Mapped value streams. You cannot apply AI to waste you have not identified. The whiteboard exercise is not complicated. It is just revealing — and leaders tend to avoid revealing things when they are responsible for what gets revealed.

The willingness question Some of what you built to manage complexity is itself complexity. Are you willing to look at that honestly?

Slide 06

Be Patient With the People Who Built This. Do Not Let Their Comfort Set Your Timeline.

Leadership balance
The empathy

The engineers who built the manual QA process built something that worked. The leaders who installed the release committee were protecting something real. That matters.

Be patient with those people. Invest in those people. Some of them will surprise you. They have domain knowledge that no AI can replicate and no new hire will have for years. Asking them to imagine a fundamentally different way of working is genuinely hard — they are responding rationally to the incentives you built around them.

The accountability

But do not let their comfort set your timeline. The organization's survival is not well-served by protecting processes that no longer serve it. You can be kind about the pace of change. You cannot be indefinite about it.

The leaders succeeding at AI adoption create the conditions for real learning — actual time, actual safety, actual mapping of what is and isn't working — and then hold the organization to an honest accounting of what it sees. Not what it hopes. What it actually sees.
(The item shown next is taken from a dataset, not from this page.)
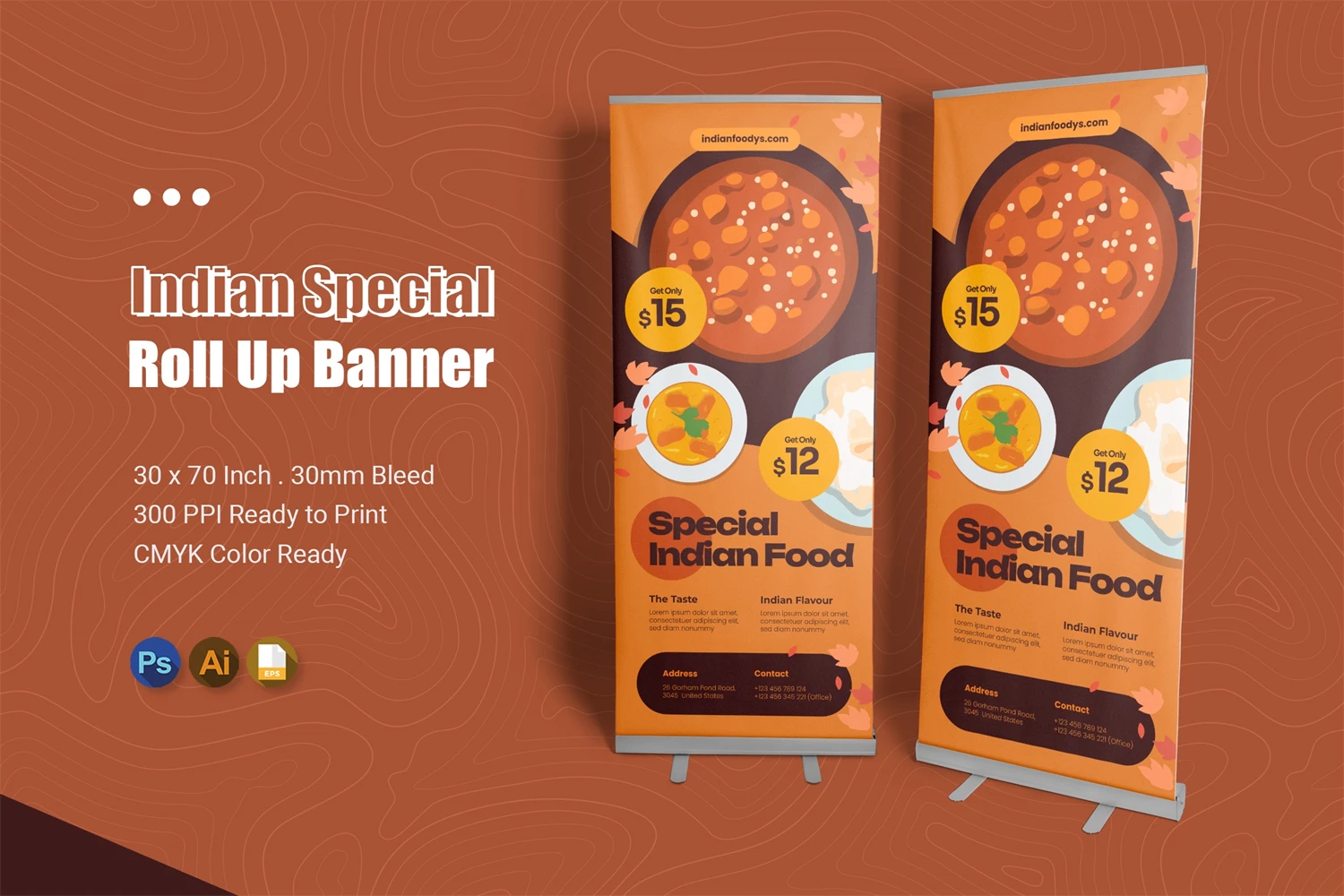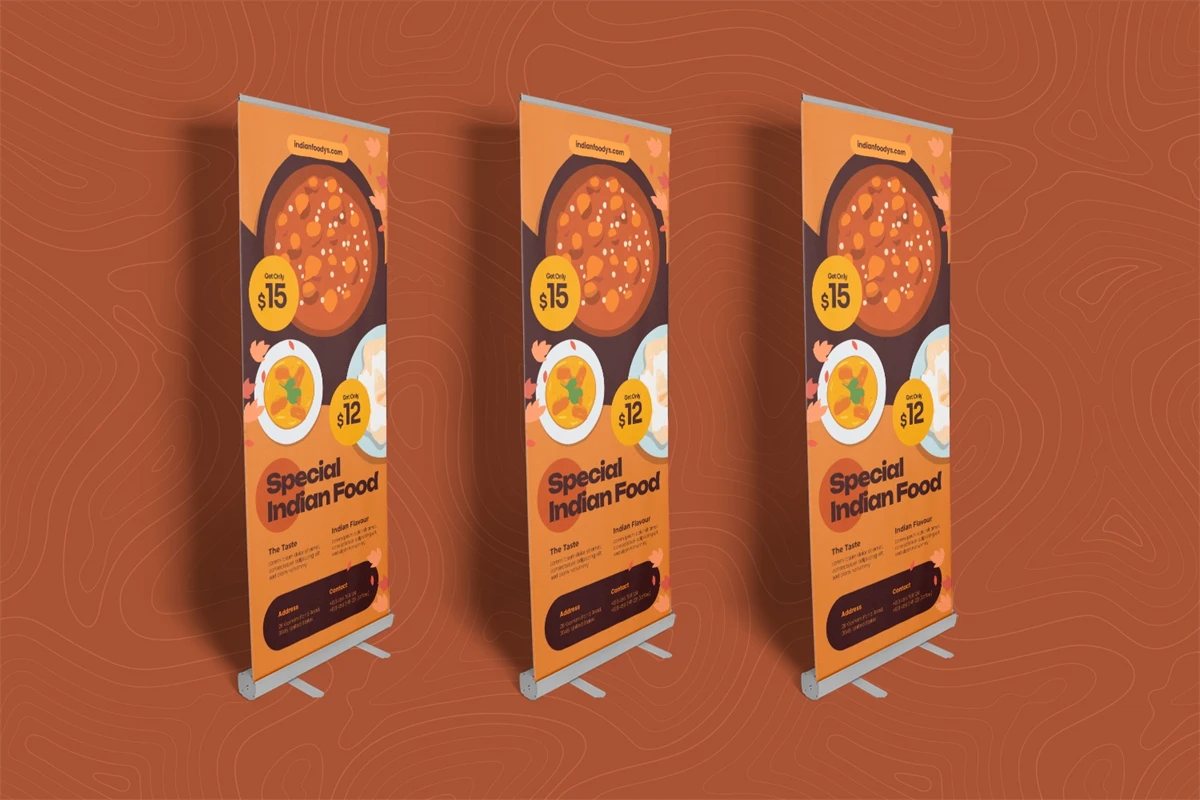 The versatile roll up banner template is very easy to use, modify and customize. Use this roll up banner and make the most of your campaign!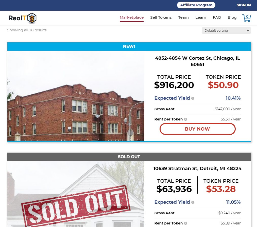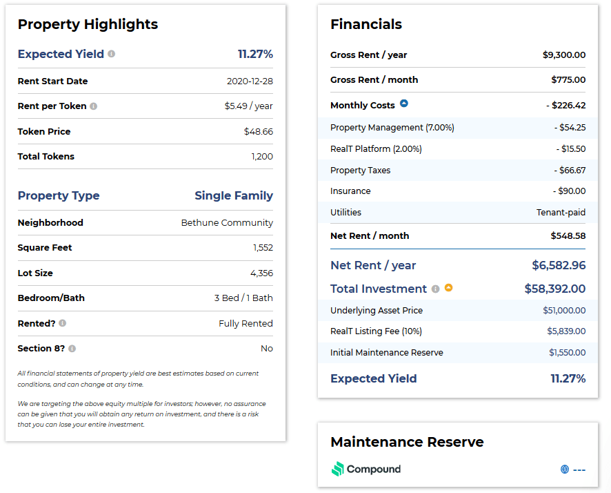 En 2019, RealT fractionnait la maison "9943 Marlowe" pour environs 63$ par token, acheté par une centaine d'investisseurs.

The balance Empathy for the people. Clarity about the direction. Zero ambiguity about whether the direction is changing.

Slide 07

What Are You Actually Willing to Change?

Decision close
The audit

You have a training budget. You have licenses. You have a Slack channel and a committee. What you do not have is an organization designed to absorb this change.

The engineers have thirty minutes. The value streams are not mapped. The manual QA process is defended on instinct. The release committee meets every other Thursday. The framework has been "tuning" for nine years. These are not technical problems. They are leadership problems. The question is not whether you can see them. The question is whether you are willing to change them.